# Bridgeport J-head making horrible noise



## marcaap (Jan 22, 2017)

Hey guys,
I've got a Bridgeport J-Head, serial #J262246 that's making a good bit of noise up in the step pulley housing area.  I've removed the step pulley housing, as well as the spindle and this is what I've found.

1) The  splined gear hub is quite worn, both on the internal splines for the spindle, as well as on the external 'cog' splines that engage into the spindle pulley hub above it.

View media item 95706
2) It also appears that the spindle splines are quite worn as well
View media item 95705
I'm including a video of the machine making the noise while in back gear.





Let me know what you guys think.
1) Is thing worth rebuilding
2) Get a replacement J-head from eBay
3) Buy an Accu head from eBay

Would anyone happen to have used parts?  Or possibly a good working J-Head that you'd like to sell.
1) HQT1160 Splined Gear Hub
2) HQT1414 R8 Spindle Only

Thanks in advance
Paul


----------



## HitFactor (Jan 23, 2017)

Had to rebuild the top half of my 2J head last month. Picked up parts from High Quality Tools and Bearings from Motion Industries.
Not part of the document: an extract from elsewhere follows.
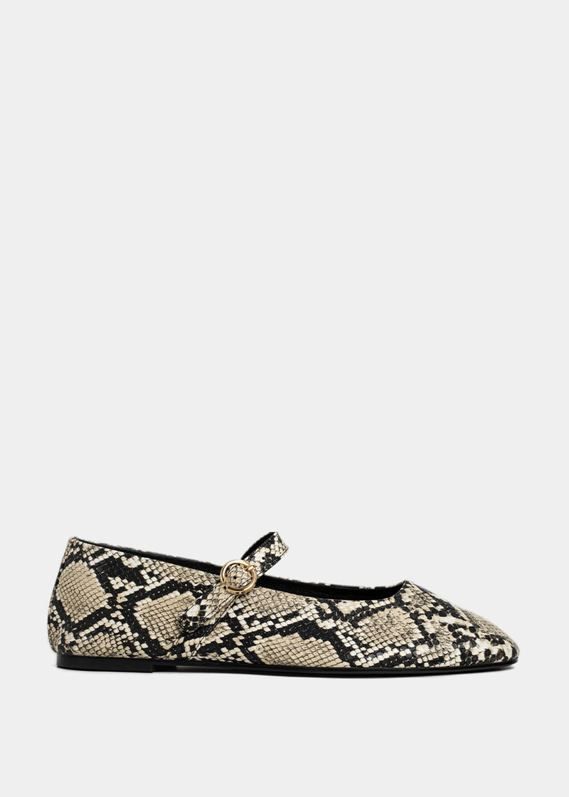 Striking and modern, the ANNABELLE flat in Snake brings texture and edge to your rotation. Its monochrome faux snakeskin adds a fashion-forward twist to this classic silhouette. The perfect flat for dressing up neutrals or grounding all-black looks.

Motion Industries is a dealer for HQT. Got everything I needed from MI for less than expected.  Job took about 5 hours not counting the time cleaning parts. 

I recommend repairing yourself.


----------



## marcaap (Jan 23, 2017)

Many thanks for the reply.  I'll take a look into High Quality Tools to see what's available.


----------



## jmarkwolf (Jan 24, 2017)

Check out the guys below:

http://www.machinerypartsdepot.com/?gclid=CKrn3ti-29ECFci2wAodqdwIug

They offer an exchange program. Send them your "core" head and some cash, and they'll send you rebuilt head. Down time is minimal.

Thinking about doing this on my J-head.


----------



## chips&more (Jan 24, 2017)

Interesting idea or way to do business. But, for me and I have had my BP for many years now. I know how it preforms. I know the expected accuracy out of it when I go to use it. I feel comfortable with knowing what it can and cannot do. Swapping the head out in an exchange program for a crap shoot does not sound like a great idea. I would only what to fix it myself…Dave.


----------



## marcaap (Jan 24, 2017)

As it turns out, I've got new parts on the way and I'll be reassembling this weekend!!  

Thanks to everyone who has responded with ideas, as it's been very beneficial.


----------